Simple Cardio Workout
Another exercise that is great for seniors is a simple cardio workout that you can do at home or in your garden. All you need is a comfortable pair of shoes and some comfortable clothes.
Start by gently stepping from side to side. concentrate on making your steps even and controlled. When you feel comfortable, lift one arm at a time.
You can either lift the opposite arm to the leg you are using, or the same, depending on what feels most natural to you.
Lift your arm above your head and bring it back down. This will help with coordination, but will also make your heart work harder by sending blood to your upper limbs and lower limbs at the same time.
Remember to take it at your own pace. You only need to go as fast as you feel comfortable. You can put some music on if it helps.

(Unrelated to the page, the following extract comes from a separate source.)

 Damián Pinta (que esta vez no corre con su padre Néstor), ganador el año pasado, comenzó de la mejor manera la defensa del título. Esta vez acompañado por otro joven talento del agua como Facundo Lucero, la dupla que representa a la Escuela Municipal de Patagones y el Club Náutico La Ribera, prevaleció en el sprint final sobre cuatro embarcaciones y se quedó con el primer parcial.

Build in some other exercises, like a simple box step to the front, or marching on the spot using your arms.
If you want to work on your flexibility, include some knee taps or even toe taps. Incorporate some backwards steps as well as this will help with variety but also balance.
It is very easy to put together a simple routine out of movements like this, and you can make the movements as simple or complex as you want to.

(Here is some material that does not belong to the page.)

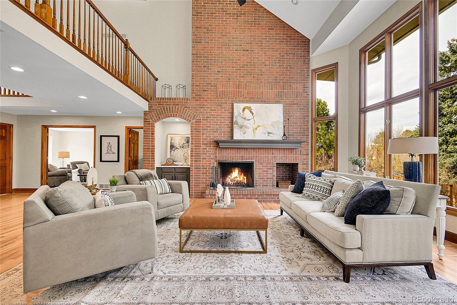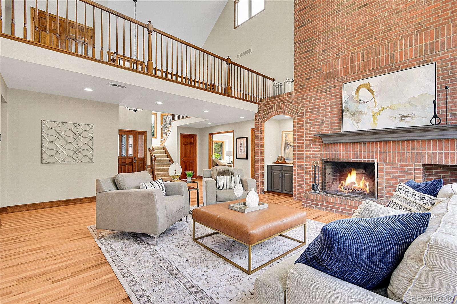 Rare in Colorado, this all four-sided brick home in coveted Polo Run announces its character before you step inside. A professionally designed front yard sets a tone of quiet distinction that carries throughout. Inside, a two-story family room anchored by a floor-to-ceiling brick fireplace creates an immediate sense of arrival. The home reveals itself room by room: a formal living room with French doors, a private study, a dining room with Mount Evans views, and a breakfast nook with backyard access. Abundant windows flood every room with natural light. The kitchen features quartz countertops on both the island and perimeter, a backsplash that rises to the ceiling, a custom vent hood cover, and a handmade Shaws of England farmhouse sink. Classic cherry cabinetry brings warmth and depth. Hardwood floors have been extended and refinished. New carpet, fresh paint, all-new baseboards on the upper level, and updated lighting give the entire home a clean, curated palette. The primary suite is a sanctuary. A custom barn door opens to a completely reimagined bathroom: freestanding soaking tub, expanded shower, Thomasville vanity, and gold fixtures. The upstairs bath has been equally transformed — Thomasville cabinetry, dual sinks, quartz countertops, gold faucets, and dramatic oversized tile carried all the way to the ceiling. The powder bath received a full refresh with quartz and gold fixtures throughout. The finished basement delivers flexibility — gas fireplace, private bedroom and bath, generous space for whatever the next chapter calls for. Radon abatement installed, foundation certified by GroundWorks. Nothing left to do here. Then there is Polo Run itself – the pool, the chili cook-offs, fall festivals, Fourth of July parades, trails and parks steps away. It is the kind of neighborhood families stay in for decades — and rarely leave. Professional-grade finishes, structural confidence, and a community that will earn its place in your family’s story.

This is great for a rainy day when you can't get out for a walk, as you can do it in your living room.
If you struggle with mobility and supporting your own weight, that doesn't mean you can't exercise.
In a comfortable chair, lift your arm up above your head and then bring it back down. Repeat this with the other arm, and continue lifting alternate arms.
Next, lift your arm straight out in front of you, switching between alternate arms. Finally, stretch each arm out to the side of you.
You can combine all of these movements in order to create a simple workout that will elevate your heart rate and tone your arms.
Being a senior doesn't mean that you have to stop exercising. There are plenty of low impact cardio exercises which are suitable to seniors and will help them to keep fit and healthy.